Ao falar sobre seus modos de proceder, os entrevistados apontaram critérios como sexo, roupas, lugares e quantidade de pessoas como elementos que guiam as avaliações de todos os taxistas, enquanto os critérios que lhes pareciam menos claros (jeito, olhar, postura, “luz”) foram apontados como particularidades suas, como fruto de um processo subjetivo de sentir, intuir que algo errado pode ou vai acontecer.

O fato de os taxistas não perceberem de forma clara todos os elementos envolvidos em suas decisões não significa que não haja racionalidade nesse processo seletivo, que se baseia na leitura de informações que são disponibilizadas durante a interação. O que estou tentando descaracterizar é a visão de um processo sobrenatural, transcendental, e argumentar que a habilidade avaliativa (sensibilidade, intuição, talento) pode ser mais ou menos desenvolvida em um indivíduo, estando seu desenvolvimento relacionado à experiência em contextos específicos.

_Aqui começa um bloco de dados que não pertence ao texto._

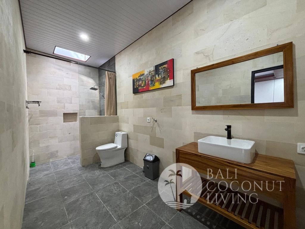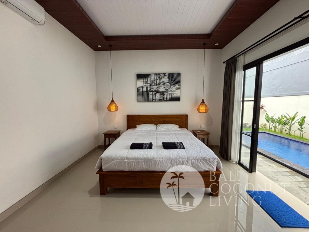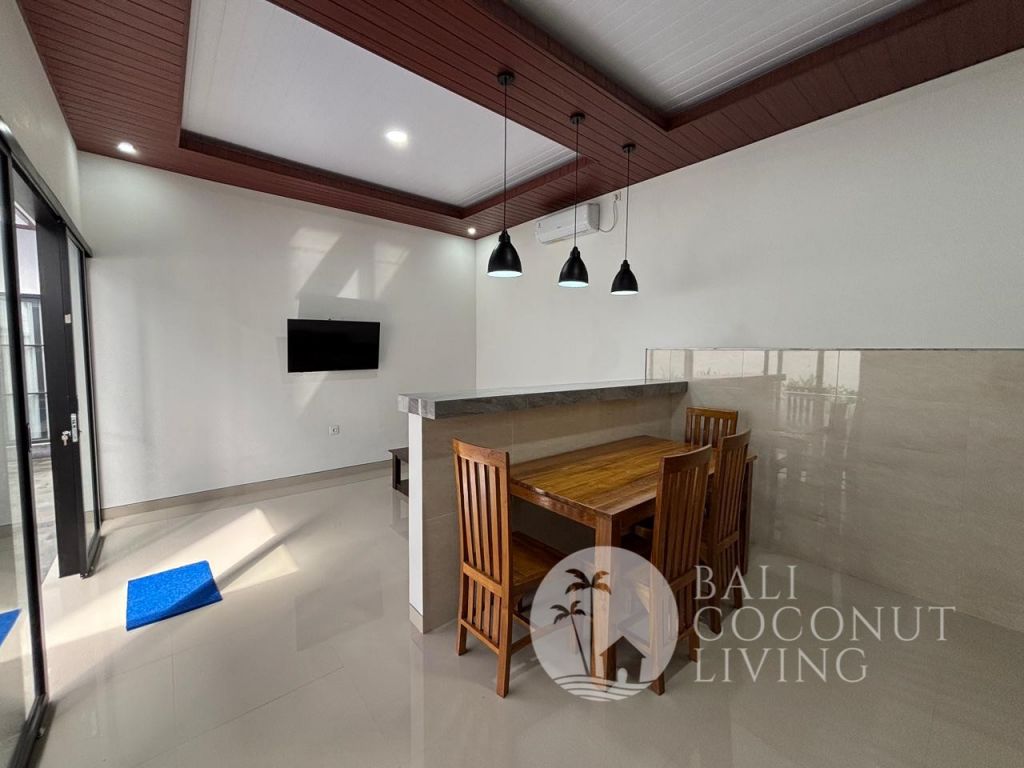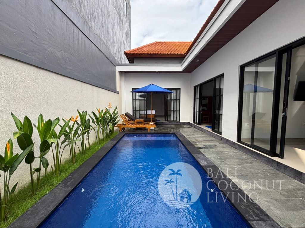 This cozy 2 bedroom villa in Berawa offers a perfect blend of modern design and comfortable living. Set on 100 sqm of land, the property features a clean architectural style with warm wooden accents and large windows that invite plenty of natural light, creating a bright and welcoming atmosphere throughout the home. Inside, you’ll find a cozy enclosed living area that seamlessly connects to t
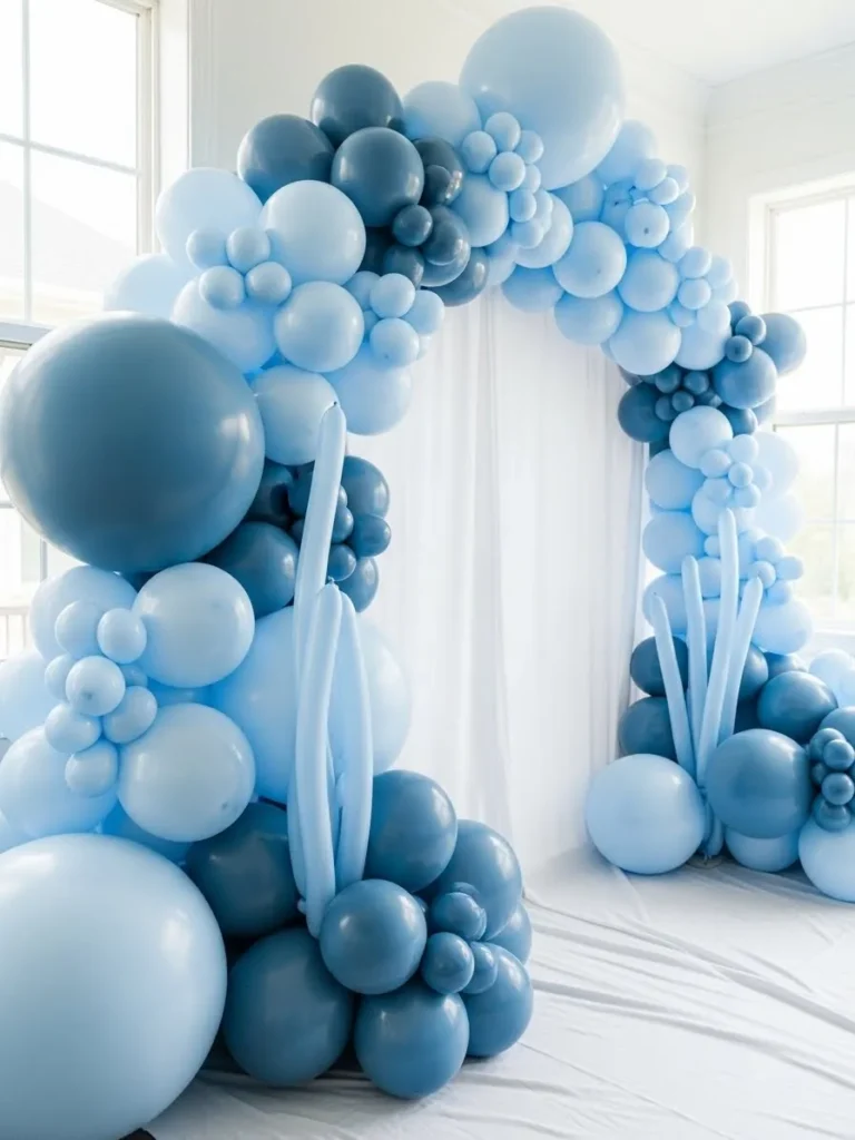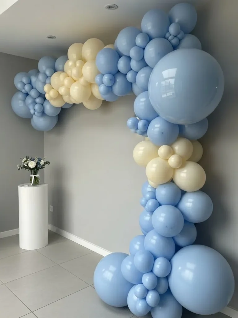 This design shows a soft balloon installation wrapping gently around the corner of the room in layered shades of baby blue and creamy ivory. The mix of oversized and smaller balloons creates a fluffy cloud effect that feels playful yet surprisingly elegant. I love how it climbs from the floor and curves overhead because it naturally frames the space and makes the room feel styled without adding extra decor. The neutral walls and clean flooring let the colors shine while keeping everything light and modern.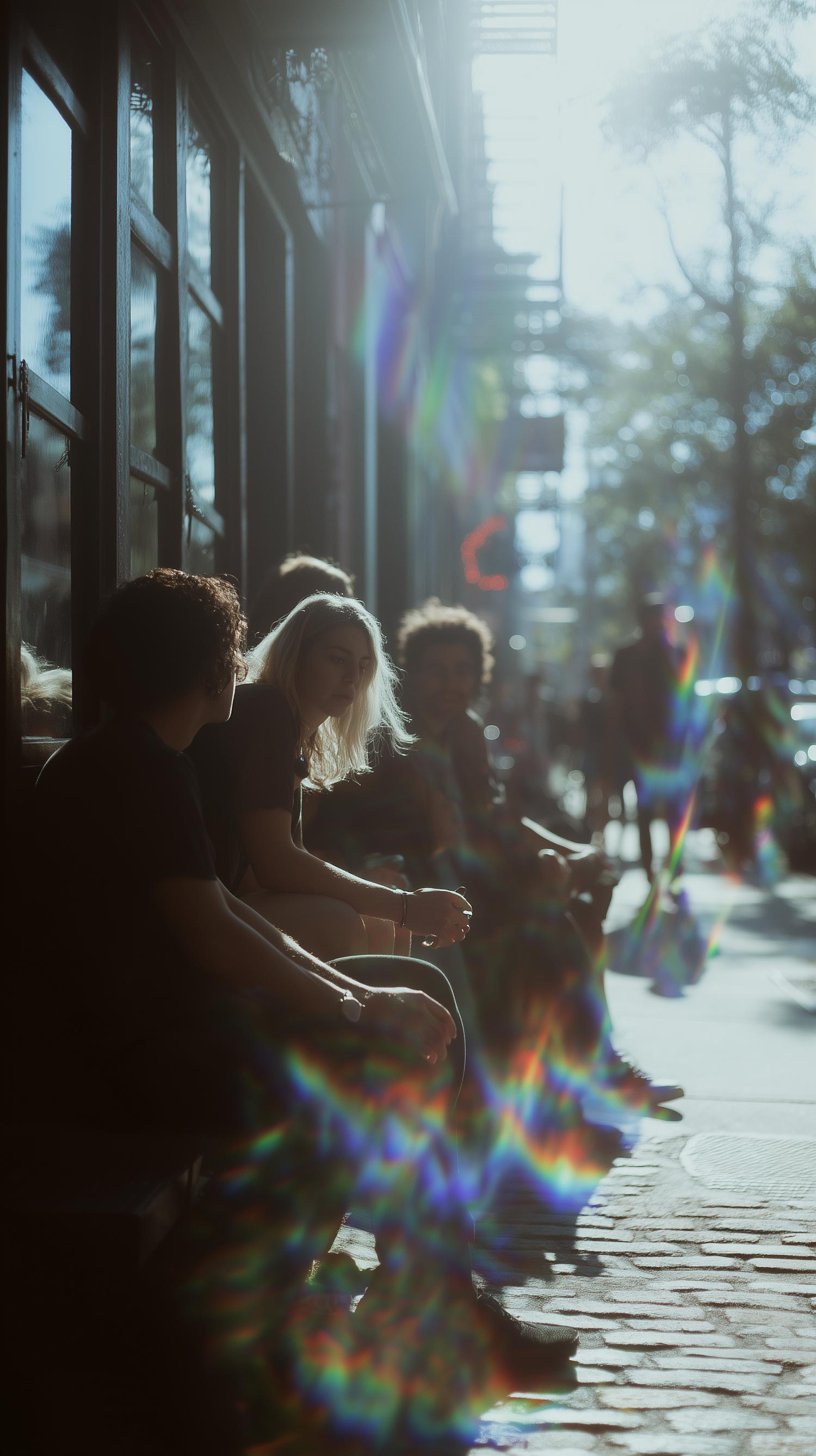 A dreamy urban scene with people sitting on a bench, sunlight streaming through trees, and vibrant rainbow lens flares.

Tomar decisões em situações práticas, nas quais há pouco tempo pra fazer avaliações, não permite que o tomador de decisão exerça uma reflexão exaustiva acerca da interação que se desenrola. No caso dos taxistas, essas condições de tempo são exíguas e não é à toa que muitos utilizam estratégias para ganhar tempo hábil de contato com o passageiro antes de aceitar a corrida. Há, nesse caso, uma clara demonstração do desejo e da necessidade de angariar informações para avaliar o passageiro, o que pode demonstrar a centralidade do conhecimento nesse processo nesse tipo de interação.